• [GIVEN DATA]:
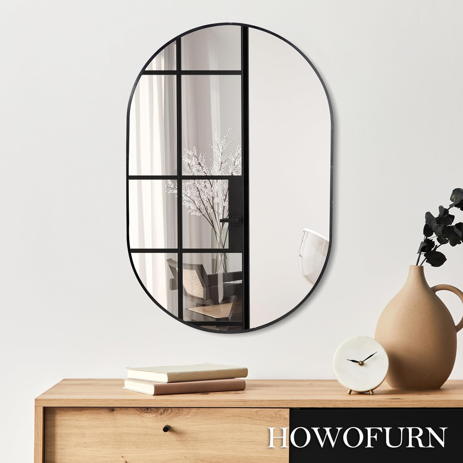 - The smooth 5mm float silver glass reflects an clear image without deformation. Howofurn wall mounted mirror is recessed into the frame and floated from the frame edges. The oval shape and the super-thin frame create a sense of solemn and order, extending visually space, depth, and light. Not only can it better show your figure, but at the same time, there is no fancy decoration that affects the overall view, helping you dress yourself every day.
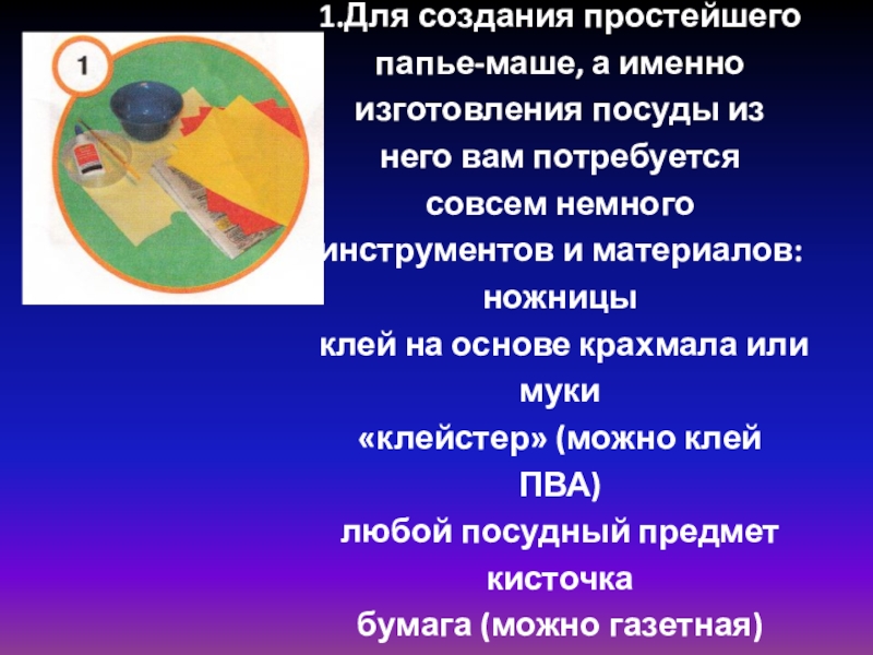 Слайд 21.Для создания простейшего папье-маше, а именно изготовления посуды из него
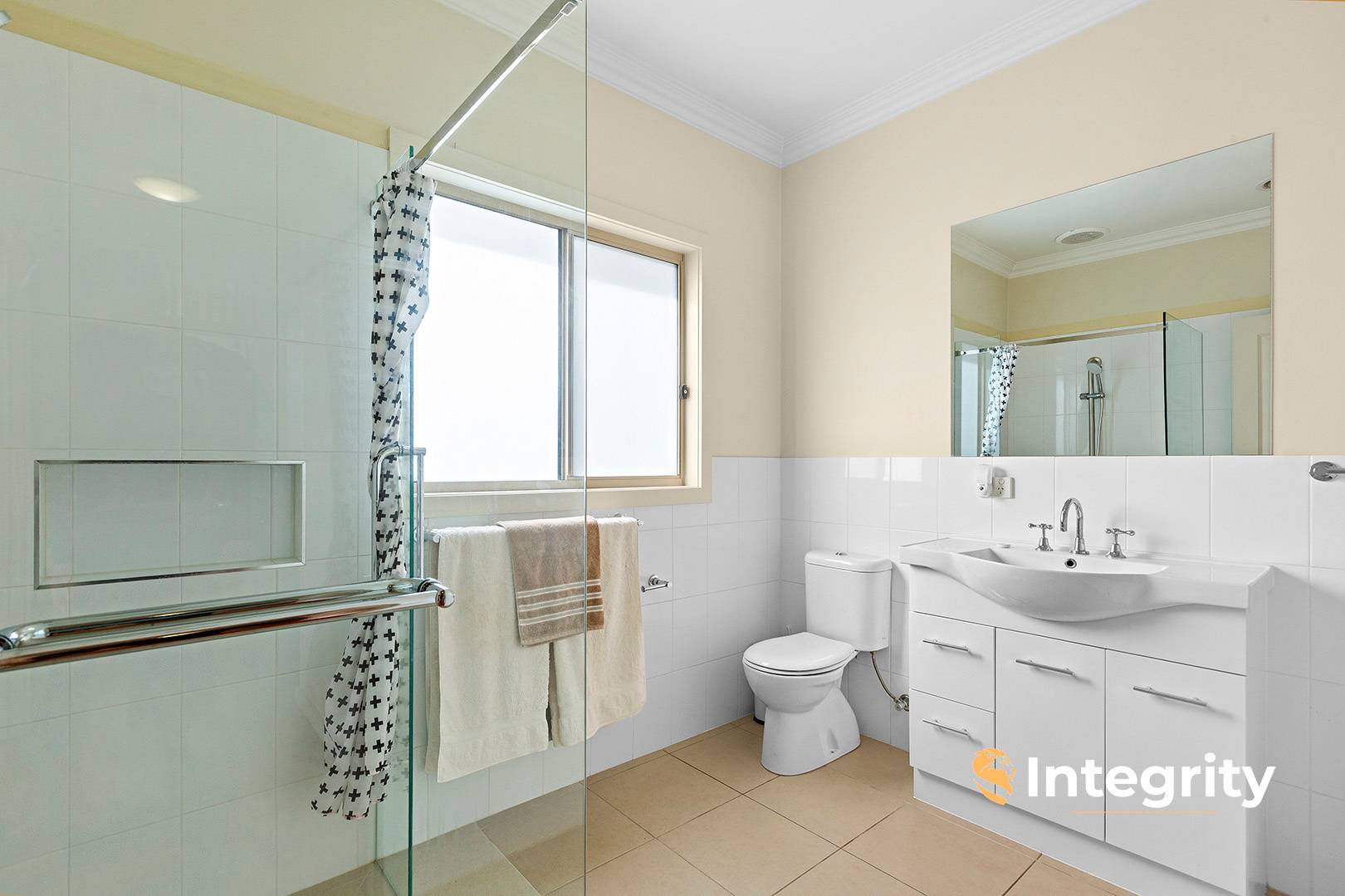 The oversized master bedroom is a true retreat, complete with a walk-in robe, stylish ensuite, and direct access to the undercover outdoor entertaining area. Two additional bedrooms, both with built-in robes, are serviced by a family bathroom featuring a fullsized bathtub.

• [EXERCISE DIRECTIONS]: Copy out the lines above in full and unaltered, apart from the pictures.

• [OUTPUT OF THE EXERCISE]:
 - The smooth 5mm float silver glass reflects an clear image without deformation. Howofurn wall mounted mirror is recessed into the frame and floated from the frame edges. The oval shape and the super-thin frame create a sense of solemn and order, extending visually space, depth, and light. Not only can it better show your figure, but at the same time, there is no fancy decoration that affects the overall view, helping you dress yourself every day.
 Слайд 21.Для создания простейшего папье-маше, а именно изготовления посуды из него
 The oversized master bedroom is a true retreat, complete with a walk-in robe, stylish ensuite, and direct access to the undercover outdoor entertaining area. Two additional bedrooms, both with built-in robes, are serviced by a family bathroom featuring a fullsized bathtub.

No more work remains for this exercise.